‘After Yang’ breathes new life into artificial intelligence
After Yang starts with a dance. the opening credits from Kogonada’s new sci-fi film are an invigorating introduction: a montage of the film’s entire cast performing a synchronized musical number in groups of four, as part of a virtual competition. The dance moves are stiff, though still accompanied by flashes of improvisation, and the whole cheery sequence is the kind more movies could endure. But it also has a thematic purpose: the scene begins and ends with a family unit that seems perfectly in sync, happy to follow a fixed routine, until suddenly one of them is caught in a loop, repeating the same movement again and again. again, shattering that illusion.
The defective dancer is Yang (played by Justin H. Min), and the viewer quickly learns that he is a robot, bought to serve as a brother and babysitter to Mika (Malea Emma Tjandrawidjaja), the daughter adoptive Chinese of the American couple Jake (Colin Farrell) and Kyra (Jodie Turner-Smith). Based on a short story by Alexander Weinstein titled “Saying Goodbye to Yang”, After Yang is a small-scale but impressive sci-fi film that tackles the most important question of the genre: as technology permeates deeper and deeper into our lives, what does it mean to be human?
When Yang breaks down at the start of the film, Mika is unsurprisingly unprepared – she is a young girl who has lost one of her closest friends and can only dimly understand that he is not made of flesh. and blood. Jake, though sympathetic, treats Yang’s malfunction more like the loss of a useful device, sighing and dragging the inert body to a repair shop in hopes of recouping his investment. But the more he learns about Yang’s inner workings, the more Jake realizes just how much of a personality this artificial being had. The story is that of a technological discovery, but After YangThe metaphor of is broad and powerful, prompting us to consider the lives around us that we might mindlessly ignore.
The film is in good hands with Kogonada, a visual essayist who made a surprisingly confident debut in 2017 with Columbus, another stark and simple story of interpersonal connection. In this film, two people roam the architecturally fascinating streets of Columbus, Indiana, while discussing both their shared love of public space and their personal family dramas; perfectly composed shots mingle with quiet moments of intimacy. After Yang has similar painterly visuals, which help create a lush vision of the future that only hints at past devastation. The storyline implies that some sort of war between America and China has led to mass adoptions of Chinese children, and thus the creation of beings such as Yang, who serve not only as companions, but also as tools to expose these children to facts about their Chinese. heritage.

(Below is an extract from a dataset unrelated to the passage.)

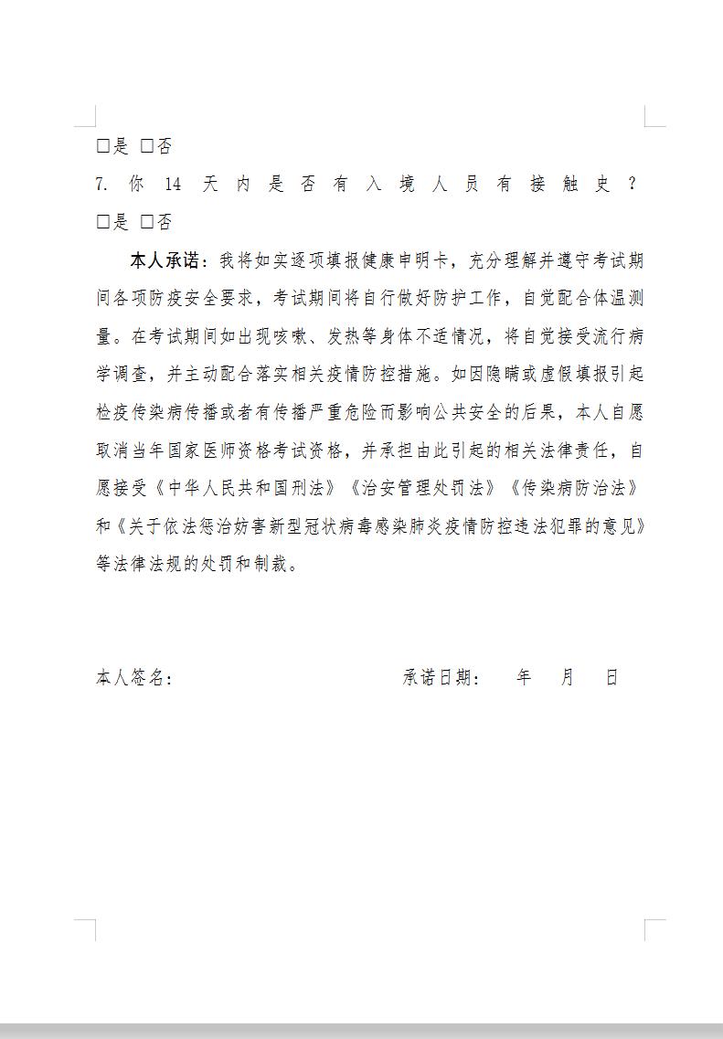 - · 2021年南寧考點鄉(xiāng)村全科助理醫(yī)師資格考試-考生健康承諾書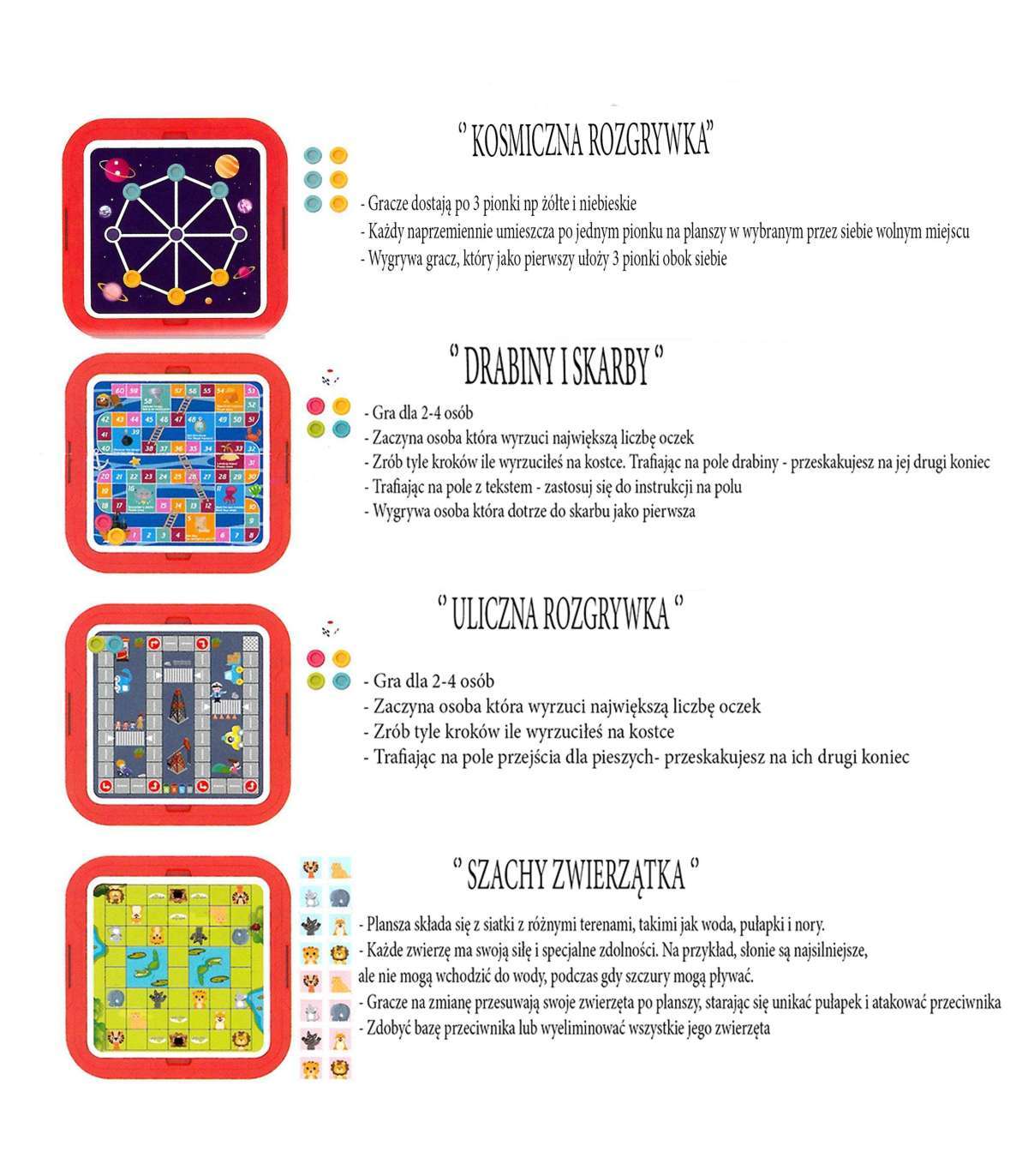10-ühes mängulaud brändilt WOOPIE on äärmiselt mitmekülgne hariv komplekt, mis ühendab mängu ja loogilise mõtlemise arendamise. Mäng pakub laia valikut väljakutseid, mis toetavad analüütilisi oskusi, keskendumist ja kannatlikkust. Tänu erinevatele ülesannetele ja puslededele saavad lapsed arendada motoorseid oskusi, strateegilist ja loogilist mõtlemist lõbusal viisil.

This story is part of the reason why Jake initially sees Yang as utilitarian: the robot is like a combo of servant and walking encyclopedia, a super toy for Mika that can also help with the dishes. But a sensitive computer can also disrupt our understanding of humanity. This staggering notion is one of my favorite sci-fi tropes. A film like Steven Spielberg’s AI reacts with constant horror to the idea that we could imbue the machines with consciousness and thus curse them with the daily burden of having emotions, of experiencing love, as well as loss.
Kogonada approaches the same dilemma from a more oblique angle. Jake has the techs open Yang’s brain and he rummages through the hard drives. For some of the characters he enlists for help, including an alley tech dealer named Russ (Ritchie Coster), the encoded memory files are a terrifying example of over-surveillance, a complex piece of fabrication that seeps into in your house and spies on you. for unknown reasons. For museum curator Cleo (Sarita Choudhury), Yang’s digital archive is proof of her conscience and signifies a new stage in human evolution. Eventually, Jake meets Ada (Haley Lu Richardson), a mysterious figure who has built his own relationship with Yang, and he begins to probe a past he didn’t know his “son” had.
After Yang is deliberately told, closely following Jake as he uncovers new bits of Yang’s memory and also realizes how estranged he has become from his wife and daughter. Farrell’s performance is sensitive and subtle, the furthest scream from his joyful landscape – chewing in The Batman (which is ironically released the same weekend). Just as Kogonada slowly reveals new aspects of Yang to the viewer, he pulls Jake out of the existential funk he’s mired in with similar care. The result is a pensive drama that plays like a silent mystery, seeking to understand not just its human protagonist, but the deeper foundations of all social bonds.